Eventually an area of low pressure moving out of the Southwest U.S. will take over steering and gradually turn T.D. #28 towards the north and then northeast. How soon this turn occurs will determine which part of the North Central Gulf Coast Region will have to brace for yet another Gulf landfalling tropical cyclone.
The current National Hurricane Center cone of uncertainty includes all of LA, MS, AL, and a part of the Florida Panhandle. The NHC warns at this time the forecast track remains a low confidence forecast.
T.D. #28 is forecast to reach a peak intensity of Category 1 Hurricane Tuesday afternoon in the Southern Gulf of Mexico. This will occur as T.D. #28 moves over a more conducive environment for development.
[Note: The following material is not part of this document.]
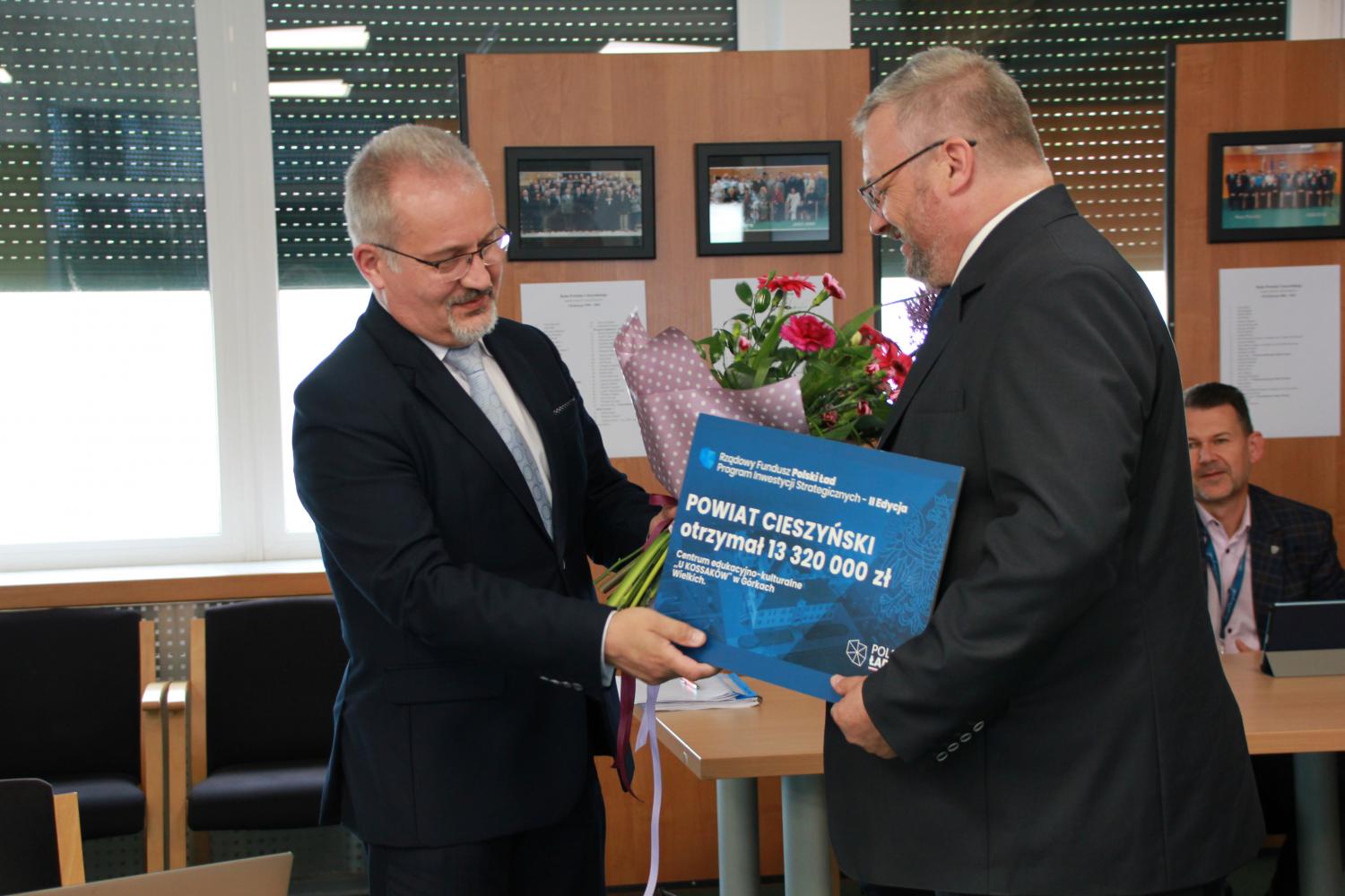 Gościem Rady Powiatu Cieszyńskiego był Grzegorz Gaża Poseł na Sejm RP, który wręczył Mieczysławowi Szczurkowi Staroście Cieszyńskiemu promesę na utworzenie CENTRUM EDUKACYJNO-KULTURALNEGO „U KOSSAKÓW” w Górkach Wielkich. Dzięki otrzymanemu wsparciu finansowemu z Rządowego Funduszu Polski Ład Program Inwestycji Strategicznych – II Edycja kwoty 13.320.000 zł – Powiat Cieszyński dokona adaptacji zabytkowego spichlerza na terenie „Dworu”. Przewidywana wartość inwestycji wynosi: 14.800.000 zł.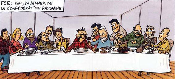 C’est pourtant assez drôle, caustique souvent, les patrons comme les écolos en prennent pour leur grade, les thèmes sont plus ou moins d’actualité (plus du tout pour le clonage raélien !) et il y a quelques trouvailles (notamment le passage où apparaît au Forum social européen un Michael Moore égaré et hagard, obsédé par la bouffe, et puis ce clébard nommé Attac qui a du mal à s’y retrouver quand on lui dit « Couché, Attac !« , hilarant !…)… En somme il y a du potentiel, mais cela reste de l’ordre de l’anecdotique.

The Central and Northern Gulf of Mexico are forecast to be less conducive for development as wind shear and cooler sea surface temperatures should limit strengthening and most likely cause weakening prior to landfall.
The NHC currently has a strong tropical storm making landfall somewhere along the North Central Gulf Coast Region Wednesday afternoon/evening. Based on the current NHC track and intensity, the main threats from this system are likely to be surge and strong damaging winds resulting in power outages.
Areas around the tidal lakes and along the immediate coast should expect to continue to see a slow rise in water levels over the next several days as T.D. #28 approaches. Tropical Storm force winds could occur as early as Tuesday evening along the LA Coast.
Once T.D. #28 moves through the area we will see quiet weather again right through the Halloween weekend. Temperatures will be cooler than normal for Halloween. If the kids will be trick or treating, prepare for temperatures in the low 60s.
Don’t forget to turn clocks back one hour Saturday night into Sunday morning as we end Daylight Saving Time. The federal government has not approved Louisiana’s law keeping the state in Daylight Saving Time.